Crise do amor
Temos vivido uma crise do amor.
Pode parecer estranha essa frase, contudo se repararmos nos relacionamentos que vemos hoje em dia, veremos que não é tão estranha assim.
Vivemos em um mundo do “descartável” e essa dinâmica tem afetado, consideravelmente, os relacionamentos atuais. Esses tem se mostrado, cada dia, mais voláteis em nosso meio. Não é estranho ouvirmos que a pessoa não satisfaz mais a outra, não é mais a mesma pessoa que era antes e, por esse motivo, não vale a pena continuar um relacionamento, e por aí vai. Hoje em dia, encerram-se relacionamentos por muito menos que há algumas décadas e isso nos faz pensar até que ponto a dinâmica capitalista não se apoderou de nós.
Percebemos que essa dinâmica consumidor-mercadoria passou para os relacionamentos. Há muita oferta, promoções, facilidade na troca. Se não gostamos, ou algo não nos agrada mais, basta trocarmos, pois há muita oferta no mercado e muita produção de mercadoria. Talvez, estamos a viver uma banalização dos relacionamentos, influenciados, em grande parte, pela cultura trazida pelo sistema capitalista.
Não digo com isso que devemos manter em um relacionamento que nos faz infeliz e nos faz ser pior do que éramos, nem que não devemos buscar pessoas que tenham valores que consideramos essenciais para estar conosco. Chamo a atenção para o fato das pessoas serem vistas como objetos, passíveis de troca, negociação, etc, fruto de uma dinâmica do capital.
Esse amor a que me refiro e afirmo que está em crise não é aquele das frases: “eu te amo”, “não consigo viver sem você”, etc. Esse tipo de amor vai muito bem, obrigado. Basta olhar nas redes sociais, youtube, etc que se verão n declarações de amor desse gênero.
Refiro-me à disposição em ver o outro como diferente de mim, com seus defeitos, problemas mal resolvidos, qualidades diferentes das minhas, crescimento diferente do meu, reconhecendo que aquilo que faz a pessoa ser quem ela é são, justamente, essas coisas, bem como que eu também possuo todas essas questões mal resolvidas, qualidades, etc, mas de forma diferente daquela pessoa que está comigo.

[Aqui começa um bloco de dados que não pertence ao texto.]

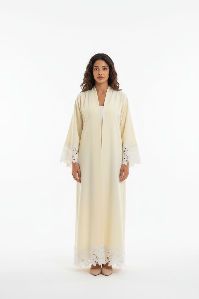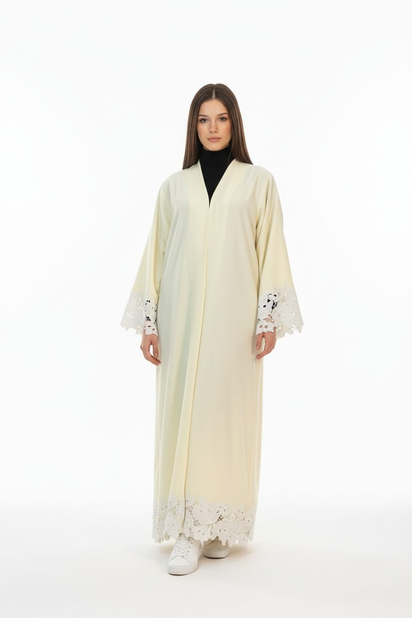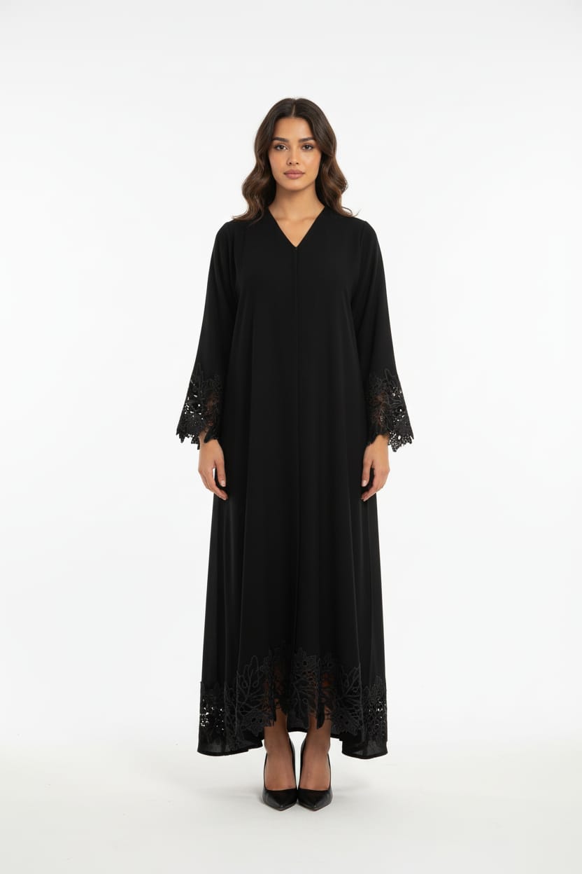 An elegant Korean crepe abaya available in three colors, featuring velvet-embellished lace detailing on the sleeves and hem for a look that exudes refined sophistication.

Talvez esta crise ocorra, pois, perceber que o outro é diferente de mim, faz com que olhemos para nós mesmos e reconheçamos que não somos tão bons como achávamos que éramos, nem tão imprescindíveis como supomos que fôssemos, nem tão necessário como queríamos crer que éramos. E isso não é um sentimento muito agradável para a maioria de nós, uma vez que nossa cultura nos diz que temos que ser os melhores, os mais inteligentes, os mais requisitados e tantos outros mais que fomos criados para ser.
Ver o outro como outro diferente de mim pode ser uma das coisas mais difíceis em um relacionamento, pois implica em lidar com o diferente e estamos em um mundo no qual a pregação vigente é o de procurar os iguais. Se não compartilha da mesma ideia que eu basta excluir da rede de amigos, tapar meu ouvido à sua voz, tentar impedir de continuar a caminhada individual por achar que leva a um caminho que eu não concorde, e por aí vai. Essa dificuldade com o diferente não é somente de hoje. Basta lembrarmos a fala de João em Lucas 9:49 e veremos que isso já foi relatado antes: “Mestre, vimos um homem expulsando demônios em teu nome e procuramos impedi-lo, porque ele não era um dos nossos. “ Jesus porém responde que aquele que não era contra eles, era a favor deles e pede para que não impeça o homem de continuar a fazer o que estava fazendo. Jesus reconhece que a causa é mais importante que o como, o que sem dúvida daria para falar muito sobre isso, mas não é o intuito desse texto.
Essa disposição, a meu ver, é o primeiro passo para algo duradouro em um mundo de relacionamentos voláteis.
Tendo isso em mente, convenço-me, a cada dia, que amar alguém passa mais por essa disposição às frases e declarações amorosas. Claro que as declarações e atitudes falam algo e são necessárias, contudo sabemos que palavras sem ações não ajudam muito, bem como atitudes sem palavras tendem a não ser entendidas.
Essa crise de amor perpassa todos os ramos da vida e não somente os relacionamentos românticos. Percebemos isso no amor ao trabalho, no amor à família, no amor aos animais, aos bens que possuímos, etc, etc, etc.
Talvez estejamos vivendo aquilo que foi escrito no Evangelho de Mateus: “e por se multiplicar a iniquidade o amor de muitos se esfriará”.
Vigiemos para que não estejamos no “muitos”, mas que sejamos contados entre os “poucos” restantes.